COVID-19 Research & Innovation Forum Calls for Tighter Collaboration in Face of New Virus Variants

Researchers have quickly developed an outstanding arsenal of vaccines, treatments and diagnostics to counter COVID-19. But closer global coordination of diverse clinical trials testing the same or similar treatments, extending even to a global platform to pool anonymized patient data, could strengthen and accelerate research findings – especially as emerging variants threaten to unwind gains.

These were among the key points made during a two-day COVID-19 Global Research and Innovation Forum hosted by the World Health Organization (WHO), which brought together two dozen leading figures across academia, civil society, and ministries of health.

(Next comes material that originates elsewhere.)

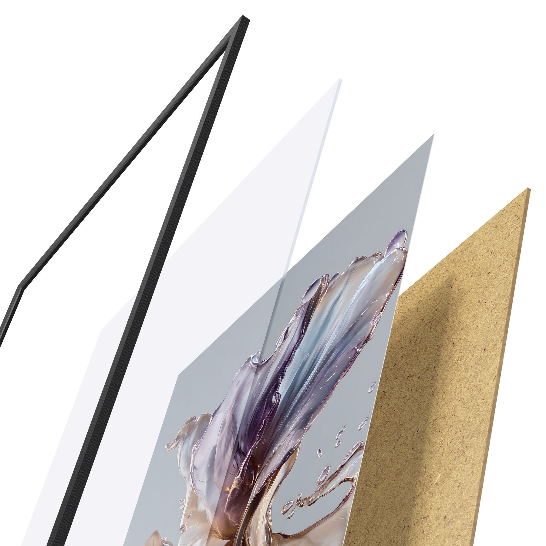 Plakat składa się z ramy, pleksi, wydrukowanego obrazu i podkładu z płyty wiórowej. Plakat można natychmiast zawiesić na ścianie dzięki uchwytom z tyłu.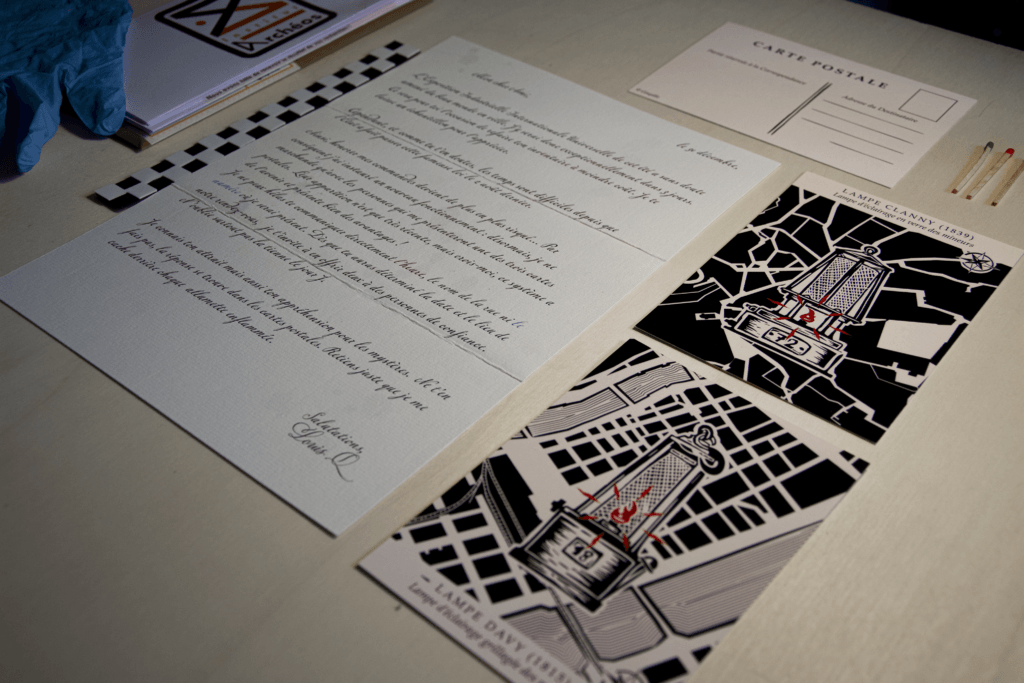 L’institut Archéos est tombé sur un étrange document jusqu’alors oublié : une lettre à laquelle sont jointes 3 cartes postales et un petit paquet. Ces documents semblent donner un point de rendez-vous pour un échange particulier…

There was also growing recognition that equity needs to be built into global health funding –  mainly by redirecting resources to the global south and embedding access provisions into funding agreements.

“The lesson is clear. A collaborative approach to research and innovation is essential to responding to COVID-19 and to the epidemics and pandemics of the future,” said WHO Director-General Dr Tedros Adhanom Ghebreyusus on Thursday. 

“There is a need for us to look at how we organise not just individual pieces of research, but how each individual research initiative or innovation is linked to each other, and how we can drive a coherent strategy for the world,” stressed WHO’s Executive Director of Emergencies Mike Ryan.  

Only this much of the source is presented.